The use of crops for ethanol already has provoked debate about the use of farmland.
"We have so much available acreage to plant, and we're going to have to choose," said Bellmer. "Will we grow food or fuel or both? I don't think we can get around that."
Sweet sorghum in the Midwest is harvested in September and October — after nights get cool, but before a hard frost. That means there's only about a two-month harvest period when ethanol plants could run. The crop would have a longer window in the South, but still couldn't be grown from October to March.
Robert P. Anex, of the Department of Agricultural and Biosystems Engineering at Iowa State University, said it would be difficult to make an ethanol plant pay for itself if it ran for only a few months each year. Anex figures it would be "exceedingly difficult" to make a viable business out of sweet sorghum ethanol in North America, especially in the northern plains states.
But several companies have developed business plans to use sweet sorghum.
One of them is Florida-based Renergie Inc., which wants to build the first U.S. ethanol plant that uses only sweet sorghum. Renergie plans to start with 10 5-million-gallon plants in Louisiana and expand with another 10 in Florida. Florida gave Renergie a $1.5 million grant last year.
The company would blend its ethanol with gasoline at gas station pumps and sell it directly to the public locally, minimizing transportation costs, said Brian Donovan of Renergie.

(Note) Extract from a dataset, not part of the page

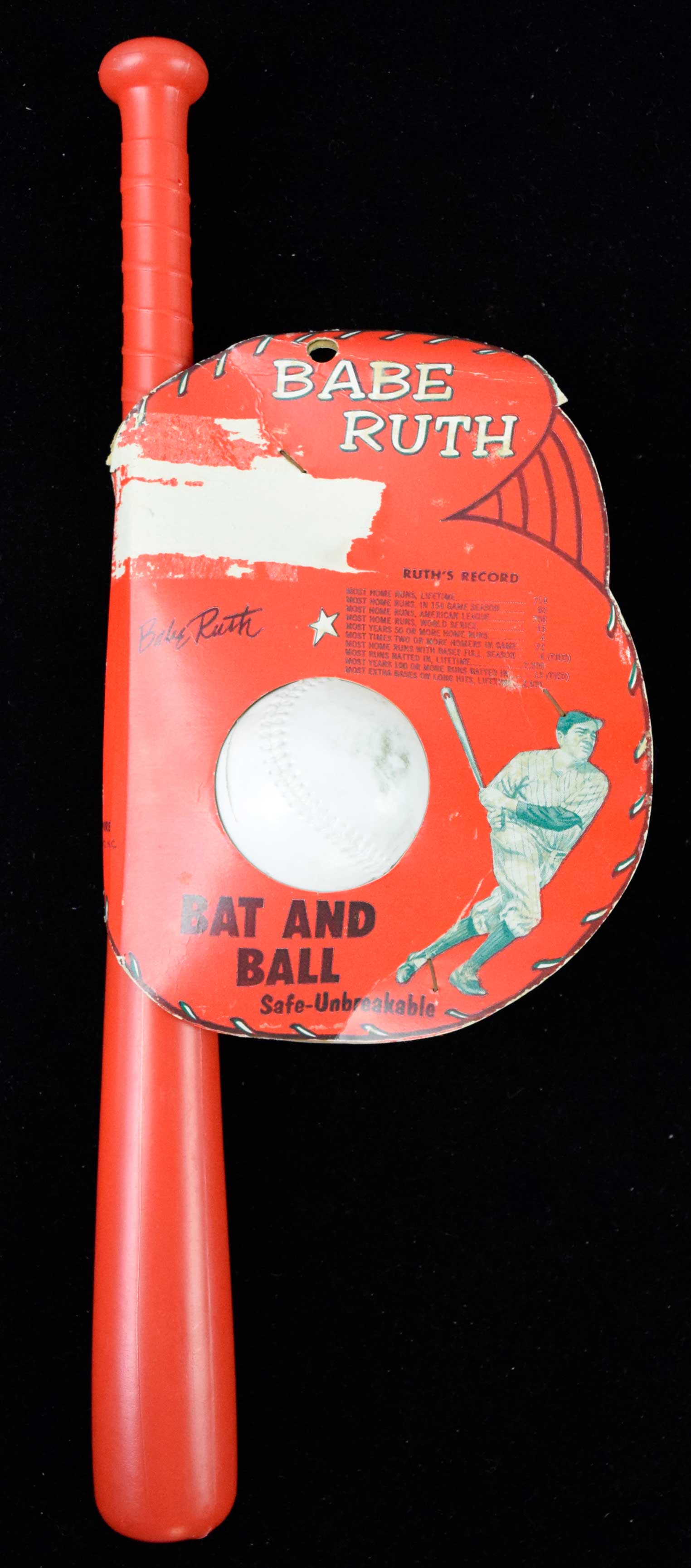 Description:Babe Ruth plastic bat and ball set, c.1960s (EX). Empire Toy Co. 18.25" plastic bat and ball still within original packaging which features Babe Ruth. Bat remains very high grade, ball has some scattered discoloration, and there is an area of paper loss on one side of the packaging: EX overall

Renergie plans to use technology provided by the Rusni Distillery in India. Rusni worked out a way to use the crop for ethanol by working with the International Crops Research Institute for the Semi-Arid Tropics (ICRISAT), a nonprofit dedicated to improving agriculture to reduce poverty and improve food security while protecting the environment. Rusni began making ethanol last June, using sweet sorghum grown by 791 local farmers.
"There is tremendous interest in sweet sorghum for ethanol worldwide," said Bellum Reddy at ICRISAT in India. Most dry land farmers in India are poor, and sweet sorghum is a crop that works well for them, he said. "So farmers will have wider opportunities for marketing their produce and extra income and be part of the bio-energy revolution."
Some types of sorghum can provide both a grain, which can be ground and used for food, or harvested earlier for the stalks for ethanol. The plant is also common in parts of China and Africa, where there's also interest in using it for ethanol.
"Many countries pay great attention to sweet sorghum," said Li Dajue, a botanist in China who introduced sweet sorghum he got from research agronomist D.M. Broadhead of Mississippi in 1974 for food when world sugar prices spiked and over the past three decades has been researching the use of sweet sorghum for fuel.